SUPPLIED DATA:
══════════
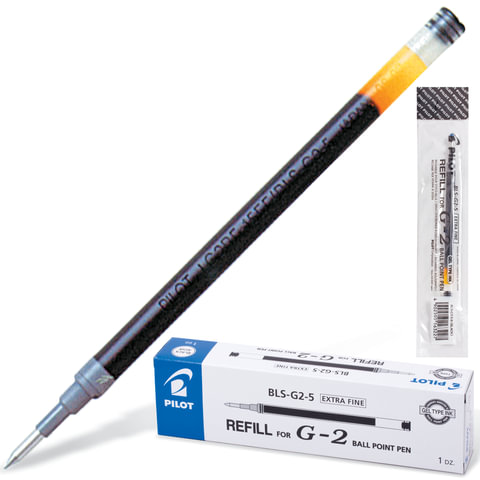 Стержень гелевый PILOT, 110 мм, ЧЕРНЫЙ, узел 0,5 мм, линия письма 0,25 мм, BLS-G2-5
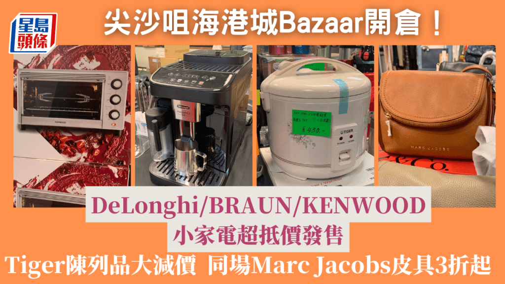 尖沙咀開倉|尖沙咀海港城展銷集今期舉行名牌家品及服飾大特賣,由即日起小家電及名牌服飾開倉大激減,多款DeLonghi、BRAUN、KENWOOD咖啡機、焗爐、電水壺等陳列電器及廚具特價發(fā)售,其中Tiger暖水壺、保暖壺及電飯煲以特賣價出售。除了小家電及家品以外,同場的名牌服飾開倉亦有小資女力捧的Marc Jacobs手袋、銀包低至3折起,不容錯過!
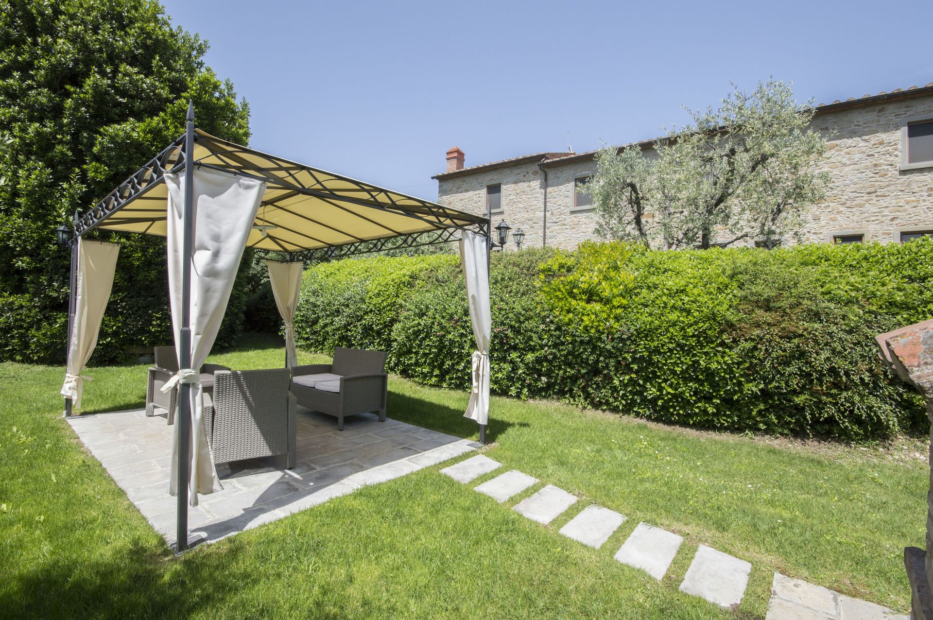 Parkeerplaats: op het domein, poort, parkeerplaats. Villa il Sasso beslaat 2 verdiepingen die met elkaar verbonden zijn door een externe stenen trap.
══════════
YOUR OBJECTIVE: After removing the pictures, transcribe the listing above exactly.

ANSWER FOR THE TASK:
 Стержень гелевый PILOT, 110 мм, ЧЕРНЫЙ, узел 0,5 мм, линия письма 0,25 мм, BLS-G2-5
 尖沙咀開倉|尖沙咀海港城展銷集今期舉行名牌家品及服飾大特賣,由即日起小家電及名牌服飾開倉大激減,多款DeLonghi、BRAUN、KENWOOD咖啡機、焗爐、電水壺等陳列電器及廚具特價發(fā)售,其中Tiger暖水壺、保暖壺及電飯煲以特賣價出售。除了小家電及家品以外,同場的名牌服飾開倉亦有小資女力捧的Marc Jacobs手袋、銀包低至3折起,不容錯過!
 Parkeerplaats: op het domein, poort, parkeerplaats. Villa il Sasso beslaat 2 verdiepingen die met elkaar verbonden zijn door een externe stenen trap.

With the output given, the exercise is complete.